Однажды я почувствовал себя плохо. Никто не понимал, что со мной такое. Когда наш деревенский врач попросил меня описать симптомы, я объяснил, что в мире какая-то пустота, там что-то было, а теперь его нет. Он долго смотрел на меня, погладил бороду, пробормотал «понятно, понятно» и объявил моей маме, что у меня в организме не хватает магния.

Прошло еще несколько дней, и я понял. Я давно не видел Корку.

Мой пес пропал.

Мы искали его повсюду, даже Командор поучаствовал, хотя и со скрипом. Мама заставила его сходить со мной в жандармерию, где нам ответили, что у начальства есть дела поважнее, чем искать собак. Командор был в ярости. Я ж тебе говорил, кретин несчастный, — и кто я теперь в глазах капитана?

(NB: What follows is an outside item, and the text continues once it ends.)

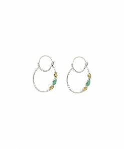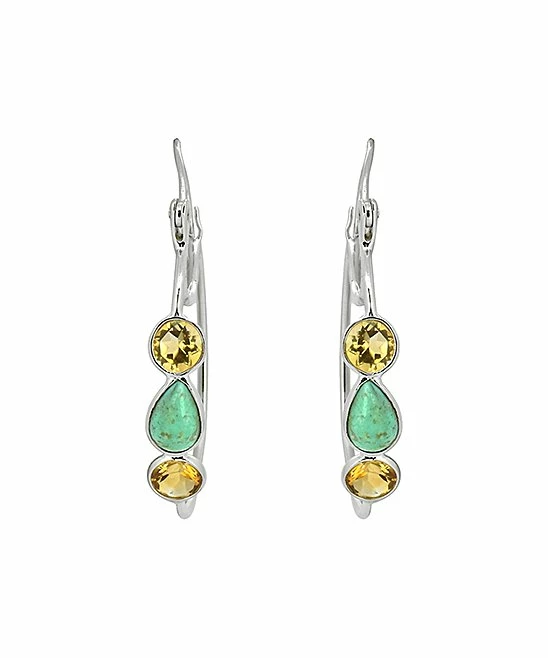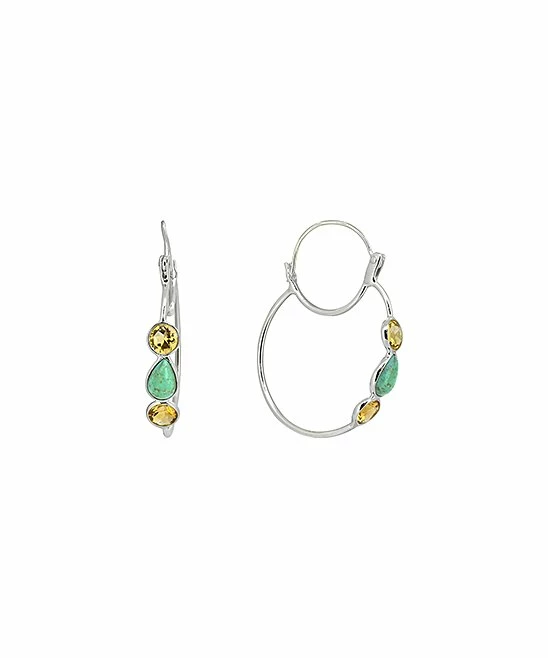 Unique sterling silver hoop earrings featuring vibrant citrine and blue Mohave turquoise.

Мама объяснила, что Корка мог развеяться по ветру, выскользнуть из своей синей оболочки, как узник выходит из тюрьмы. Никогда я не чувствовал себя так одиноко, как в тот день, даже когда пришел черед матери — развеяться по ветру.

— Пса твоего унес Мулат Борода.

Я хлюпал носом, сидя на расколотом бревне, которое у нас на ферме служило лавкой. Говоривший был мне незнаком. Он был настолько стар, что я сразу понял: передо мной Эме. Из-за истории с Коркой я забыл, что он должен прийти за овцами, и не спрятался. Меня обманули, он был в себе, никуда не вышел.